1
votes

I am running Custom code activity in ADF v2 using Batch Service. Whenever this runs it only create one CloudTask within my Batch Job although I have more than two dozen parallel.Invoke methods running. Is there a way I can create multiple Tasks from one Custom Activity from ADF so that the processing can spread across all nodes in Batch Pool

I have fixed Pool with two nodes. Max Tasks are also set to 8 per node and Scheduling policy is also set to "Spread". I have only one Custom Task on my pipeline with Multiple Parallel.Invoke (Almost two Dozen).I was hoping this will create Multiple CloudTasks and will be spread Across both of my nodes as both nodes are single core.
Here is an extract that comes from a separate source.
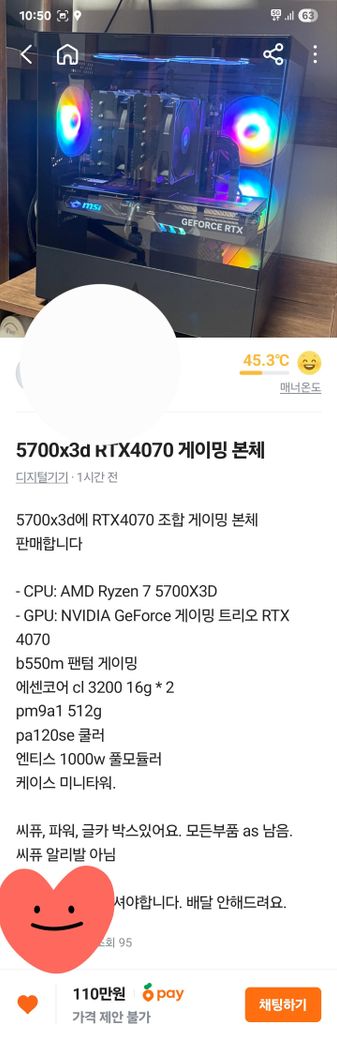 판매자가 "씨퓨, 파워, 글카 박스 있어요. 모든 부품 as 남음."이라고 언급한 점은 가격 산정에 중요한 요소입니다.

Looks like when each Custom Activity runs in ADF, it creates only one Task (CloudTask) for Batch Service.

My other hope was to use

https://docs.microsoft.com/en-us/azure/batch/tutorial-parallel-dotnet

and manually create CloudTasks in my console application and create Multiple Tasks Programatically and then run that Console Application with ADF Custom Activity but CloudTask takes JobId and Cmd. Wanted to something like following but instead of passing taskCommandLine, I wanted to pass a C# method name and parameters to execute

string taskId = "task" + i.ToString().PadLeft(3, '0');
string taskCommandLine = "ping -n " + rand.Next(minPings, maxPings + 
1).ToString() + " localhost";
CloudTask task = new CloudTask(taskId, taskCommandLine); 
// Wanted to do CloudTask task = new CloudTask(taskId, 
SomeMethod(args));
tasks.Add(task);

Also it looks like we can't create CloudTasks by using .NET API for Batch within Custom Activity of ADF

What I wanted to Achieve?

I have data in SQL Server table and I want to run different transformations on it by slicing it Horizontally or Vertically (by picking rows or columns). I want to run those transformations in Parallel (wants to have multiple CloudTask instances so that each one can operate on a specific Column Independently and after transformation load it into a different table). But the issue is it looks like we can't use .NET Batch Service API within ADF and the only way seems to be having multiple Custom Activities in my Data Factory pipeline.

1
Is this doing the same single task in parallel or multiple versions of the same task in parallel?iamdave
I have single Custom Task with multiple Parallel.Invoke inside my code and hoping this will spread the execution among both of my nodes in Batch pool. Can we use .NET API for Batch in ADF to create more than one CloudTasks within one Custom Activity?InTheWorldOfCodingApplications
Hi, did you find a solution for this. Dealing with somewhat same scenario. Any leads will be appreciated.PREETI BANSAL

1 Answers

0
votes

Application needs to deployed on each and every node within Batch pool and CloudTasks needs to be created by calling the application with cmd

CloudTask task =
new CloudTask(
    "MyTask",
    "cmd /c %AZ_BATCH_APP_PACKAGE_MyTask%\\myTask.exe -args -here");